Tradition holds that the kwarezimal was developed by the Knights of Malta. At the time, sugar was not restricted during Lent as it often is in modern practice, but rather considered a type of spice due to its high cost and humoral qualities.

In medieval Europe, animal products were to be avoided during times of penance. The choice of ingredients may have been limited, but that did not mean that meals were smaller. Neither were there any restrictions against moderate drinking or eating sweets. Banquets held on fish days were popular occasions for serving food that imitated meat, cheese and eggs in various ingenious ways: fish could be molded to look like venison and imitation eggs could be made by stuffing empty egg shells with fish roe and almond milk and cooking on coals.

== History ==
According to lore, and many Bible scholars, St Paul the Apostle was shipwrecked off the coast of Malta in 60 AD on his way to Rome to face trial, and swam safely ashore. St Paul is also said to have introduced Christianity to Malta, making it one of the earliest outposts of the faith.

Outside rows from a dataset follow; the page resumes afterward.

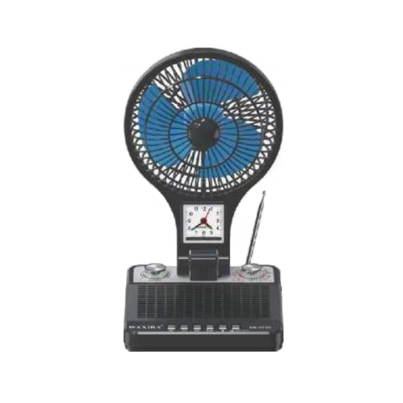 Επαναφορτιζόμενο ραδιόφωνο & ανεμιστήρας 2 σε 1, σε ιδιαίτερο Retro σχεδιασμό. Μπορεί να τοποθετηθεί επιτραπέζια σε κάθε χώρο και να λειτουργήσει παράλληλα ως συσκευή ραδιοφώνου και ανεμιστήρας, ενώ διαθέτει και ενσωματωμένο αναλογικό ρολόι. Χαρακτηριστικά: Ραδιόφωνο AM/FM/SW, Πτυσσόμενη κεραία,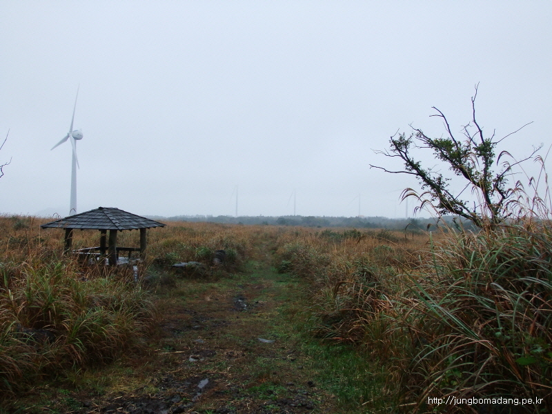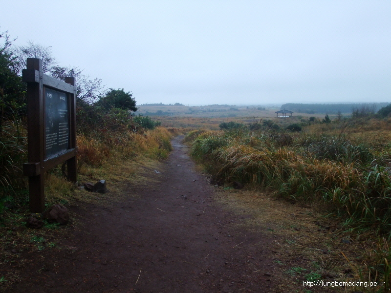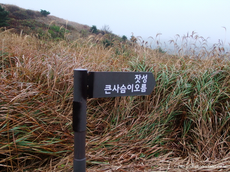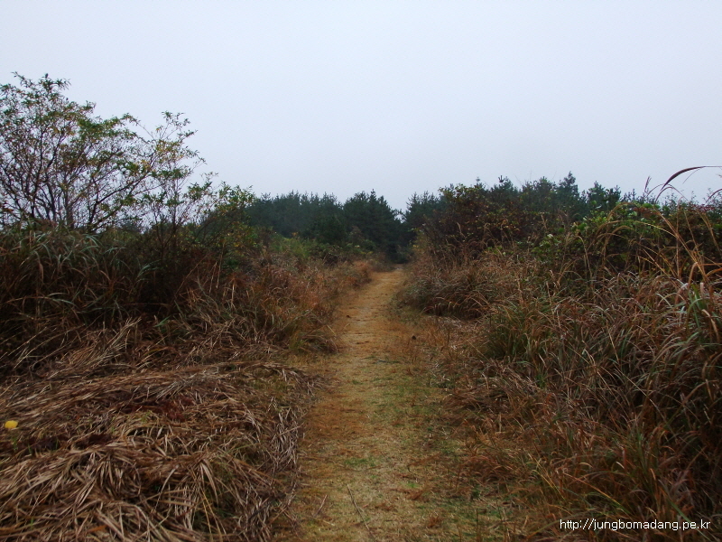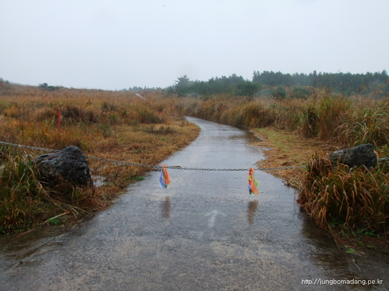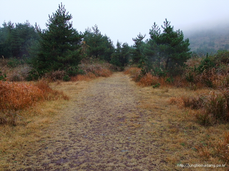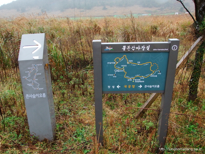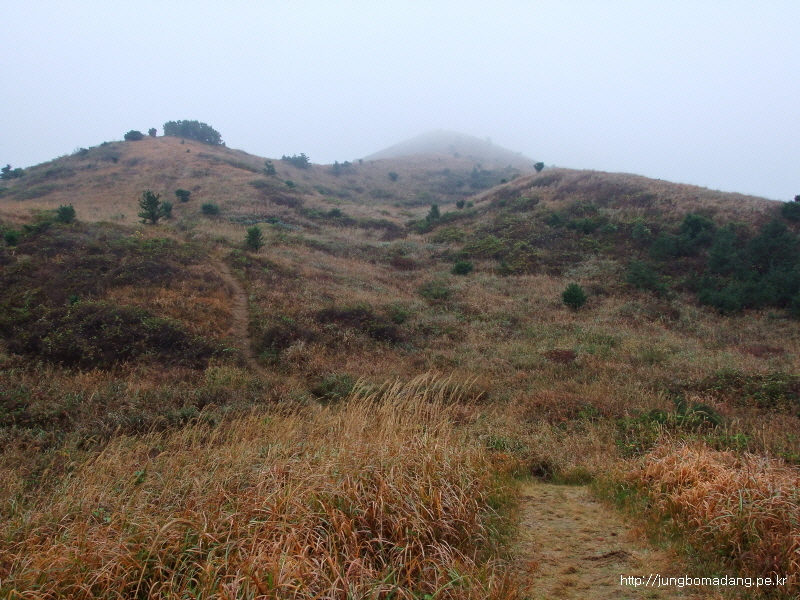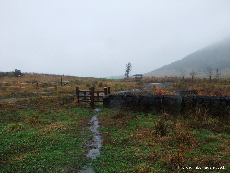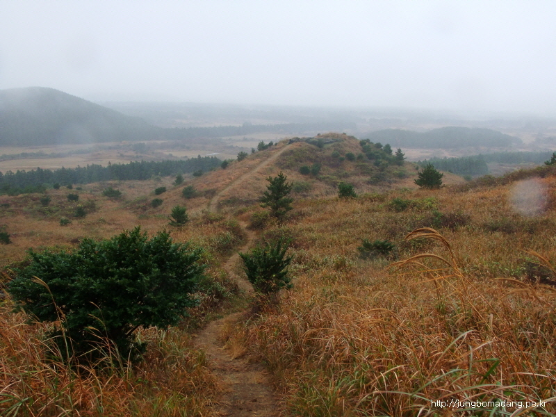 따라비오름 하산중이예요. 비바람땜시 한바꾸 못돌고 짧은 코스로 가네요. 따라비는 난이도 3.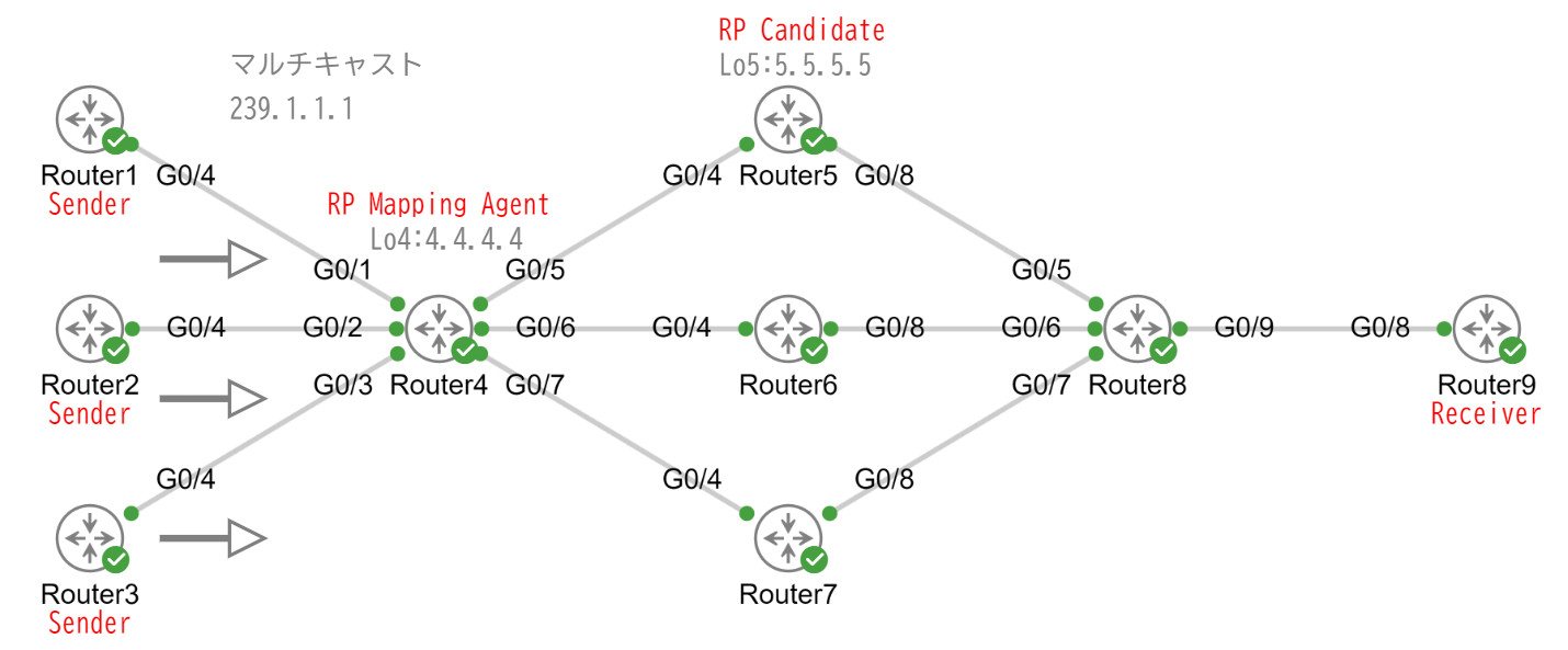 現状Router1からマルチキャストアドレス239.1.1.1の通信はすべてGi0/7(Router7)を経由するようにルーティングされています。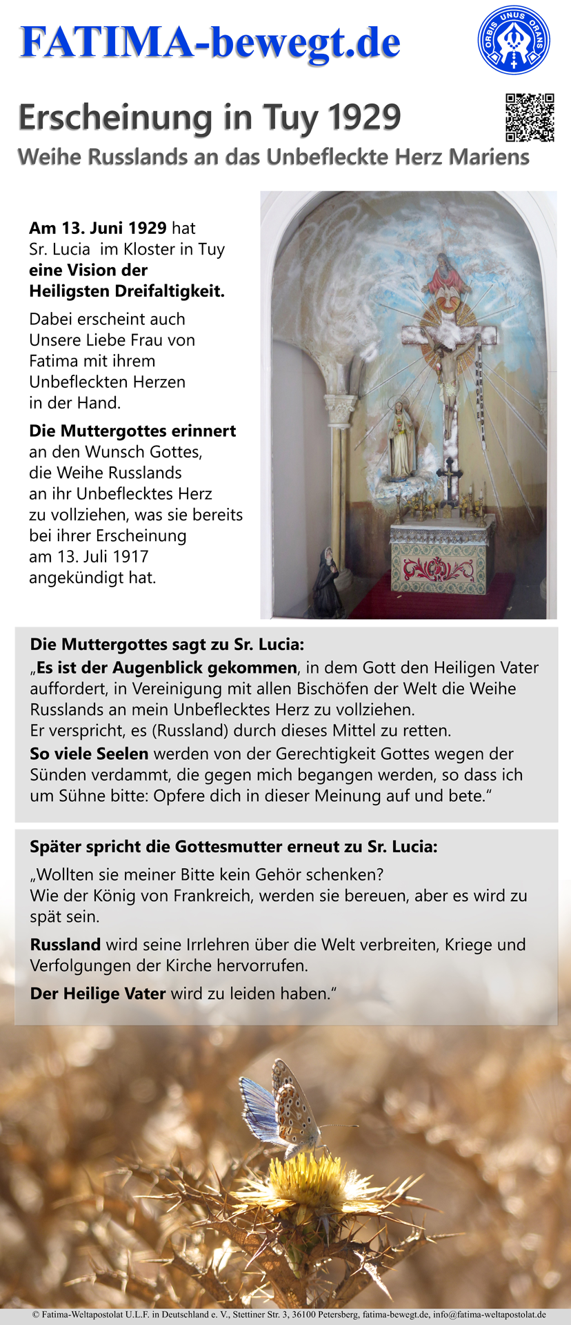 · „Es ist der Augenblick gekommen, in dem Gott den Heiligen Vater auffordert, in Vereinigung mit allen Bischöfen der Welt die Weihe Russlands an mein Unbeflecktes Herz zu vollziehen.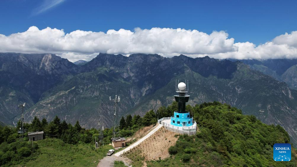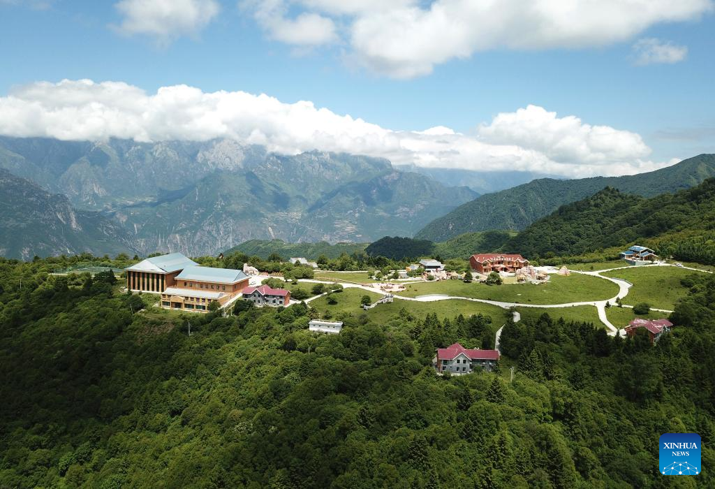 ZHOUQU, 13 julio, 2025 (Xinhua) -- Vista aérea tomada con un dron el 12 de julio de 2025 de la Montaña Lagashan, en el distrito de Zhouqu, en la prefectura autónoma tibetana de Gannan, en la provincia de Gansu, en el noroeste de China. (Xinhua/Ma Ning)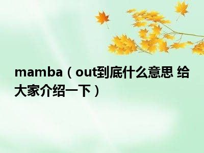 mamba(out到底什么意思 给大家介绍一下)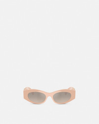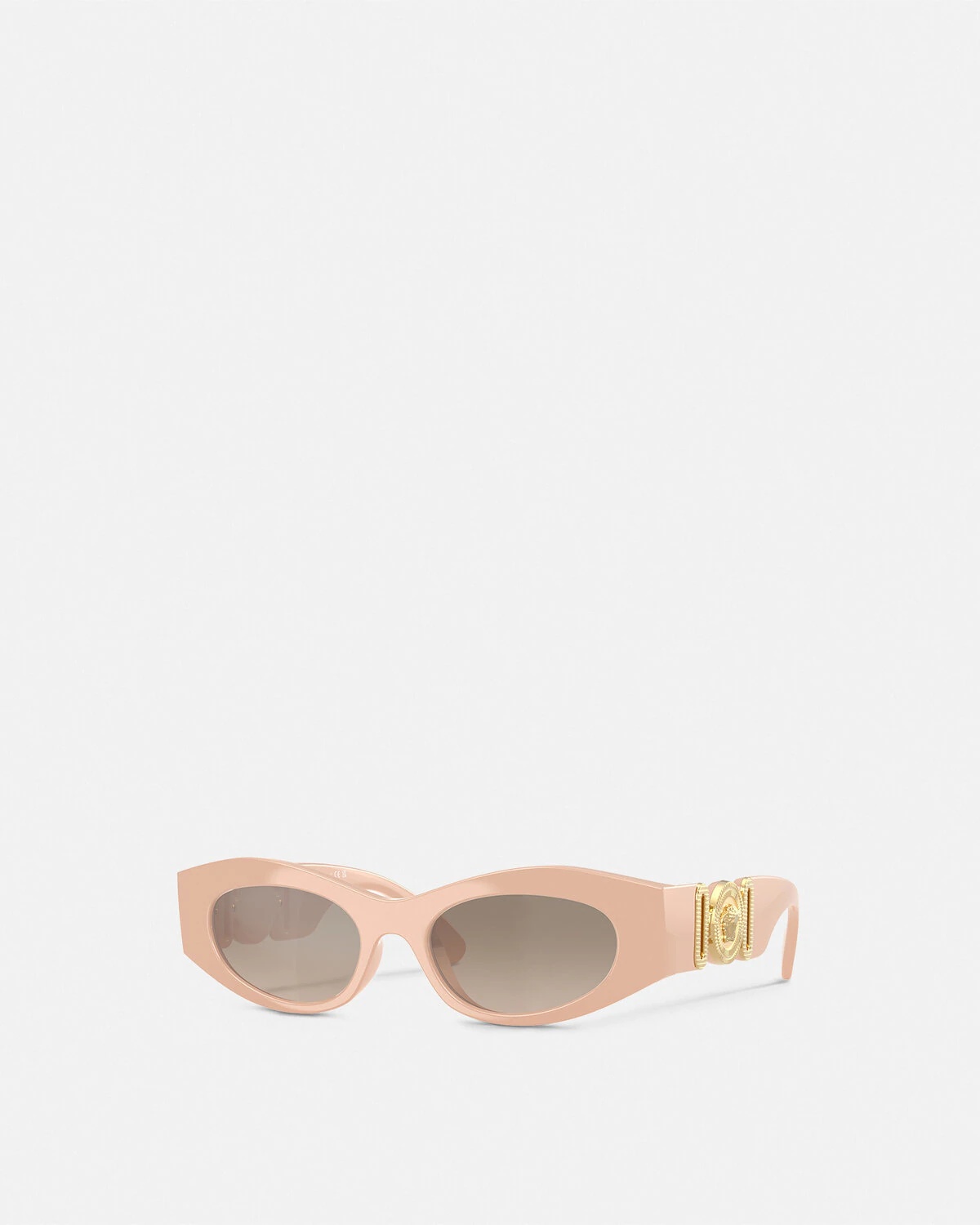 DETAILS An addition to the Medusa Biggie line, these cat-eye oval sunglasses with an injected construction feature the iconic gold-tone Medusa Biggie embellishment at the wide temples. - Medusa Biggie hardware - Frame color: Nude - Temple color: Nude - Lens color: Brown and gray gradient - Frame: Injected - Temple: Injected Item: O4480U-O54946I51_RTU_TU_ONUL__ SIZE & FIT - Lens: W2 x H1.3" / W51 x H32.9 mm - Bridge: 0.7" / 18 mm - Temple: 5.5" / 140 mm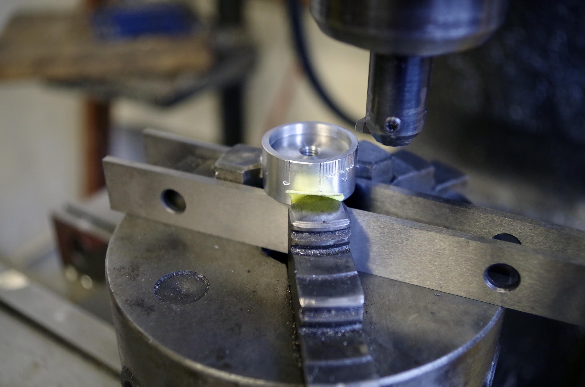 Ticks on the dial were scribed on the mill, using a single point cutter and indexing head to cut the marks. The three jaw chuck on the MTIERS indexing head doesn't hold parts very centered, so I had to shim the jaws with paper to get the dial centered properly:
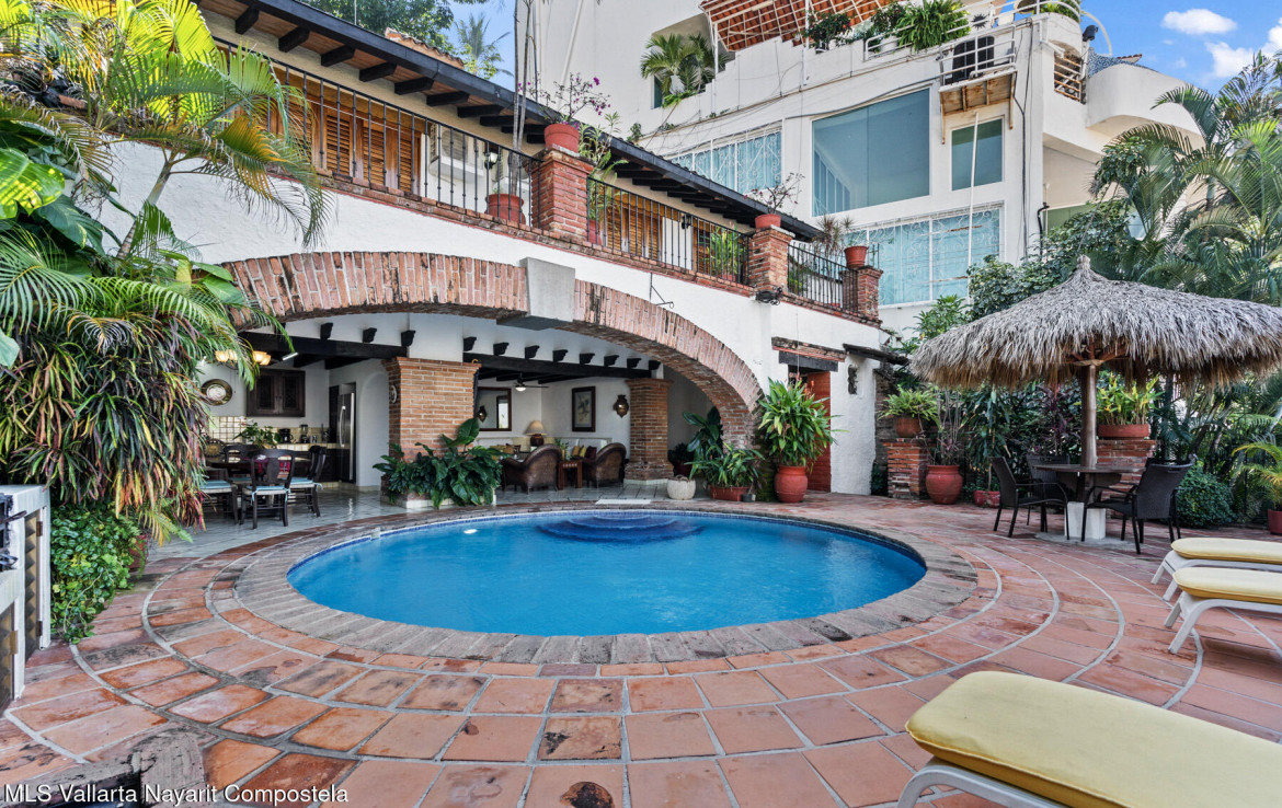 Homes of this caliber are cherished by families for generations and seldom become available. Here is your chance to own a truly exceptional villa in Amapas, boasting street access from both Hortensias and Pulpito. Featuring classic Vallarta architecture, this residence embodies the coveted indoor-outdoor lifestyle that defines Puerto Vallarta. Enjoy breathtaking views of the ocean and church, all while being just a short stroll from world-class dining and vibrant nightlife. This home truly has it all.Living areas are staggered throughout the home, and the amazing pool and kitchen area is pure relaxation. Morning Yoga or Tai Chi, read a book, enjoy the pool area, and finish your day with a gourmet meal poolside.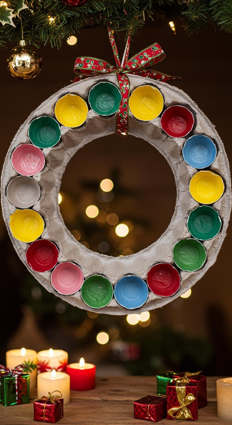 If you want to craft a unique and festive decoration this holiday season, consider making an egg carton wreath.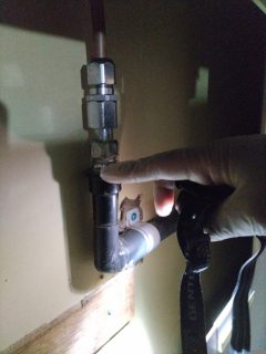 シンク下の背面パネルを開けたところ、給水管からポタポタと水漏れしていました。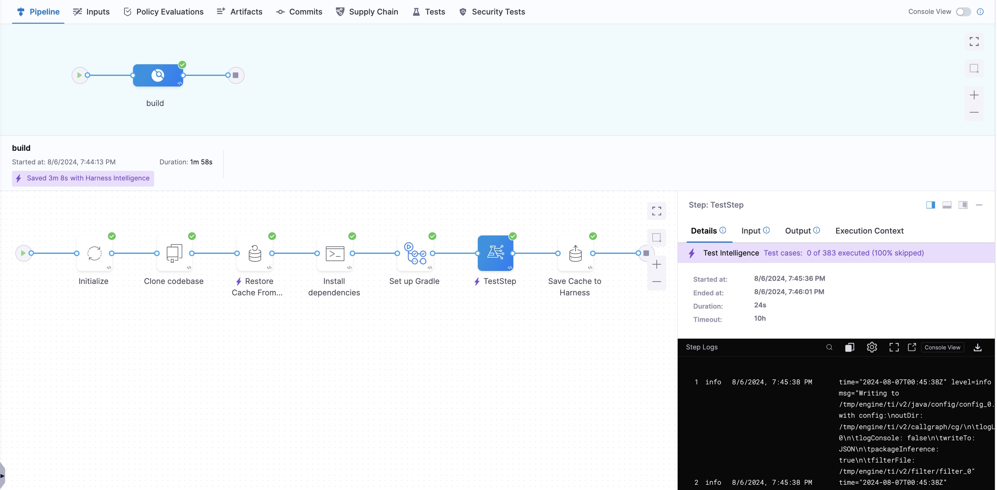 Below is a screenshot demonstrating the time savings for a Build stage using Cache Intelligence and Test Intelligence.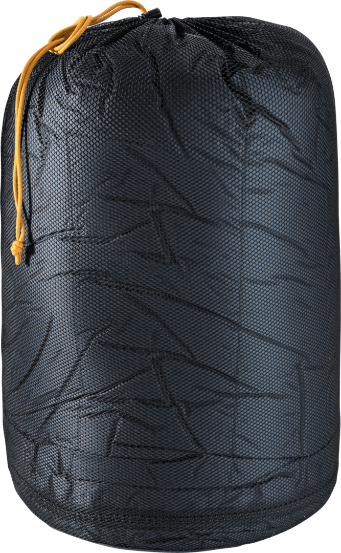 La bolsa ligera de material de compresión con nueva compresión lateral significa que la bolsa se pliega para guardarse dentro de una mochila. Sin embargo, recomendamos guardar el saco de dormir suelto en el saco de almacenamiento de malla.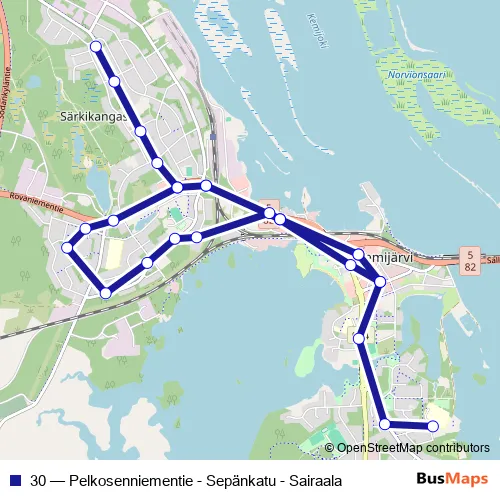 See why over 2 million users trust and consider busmaps.com as the best public transport website. busmaps gives you Kemijaervi Buses suggested routes, real-time bus tracker, line route maps in Kemijaervi, and helps to find the closest 30 bus stops near you. No internet available? Download an offline PDF map and bus schedule for the 30 bus to take on your trip.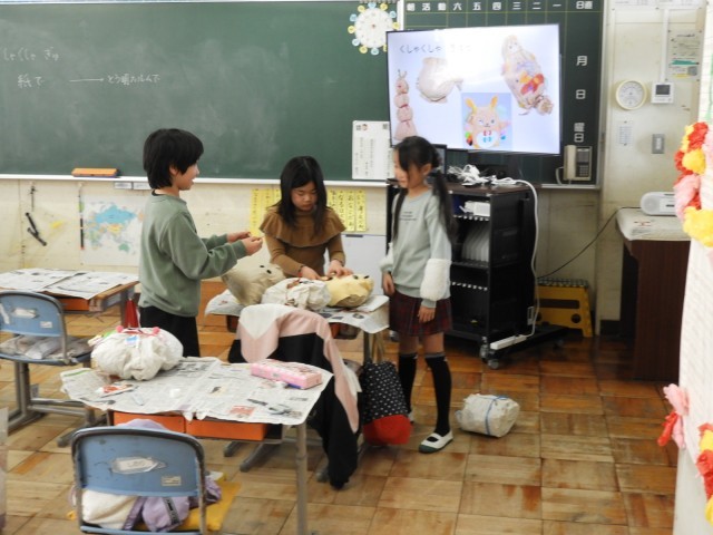 2年生は、図工で作品作りに取り組みました。様々な素材を「くしゃくしゃ、ぎゅ」して、楽しい作品を作りました。

The era of the Knights of St John reinforced the islands' Christian tradition, and Maltese culture and social life are heavily influenced by its faith (the islands are 98 percent Roman Catholic). Church attendance in Malta is among the highest in Europe, although it is declining. Many traditional Maltese sweets and pastries are only available at certain times of the year, bound to the Catholic liturgical calendar—such as kwareżimal.

Kwareżimal are a kind of chewy biscuit made with spices and ground almonds, a humble recipe originally made without eggs or butter, because during Lent, abstaining from eating animal products or animal meat was considered a penance. (Sugar was not taboo because it was considered a spice and therefore savory.) The word kwareżimal stems from the Italian word quarezima, referring to the 40 days of Lent fasting.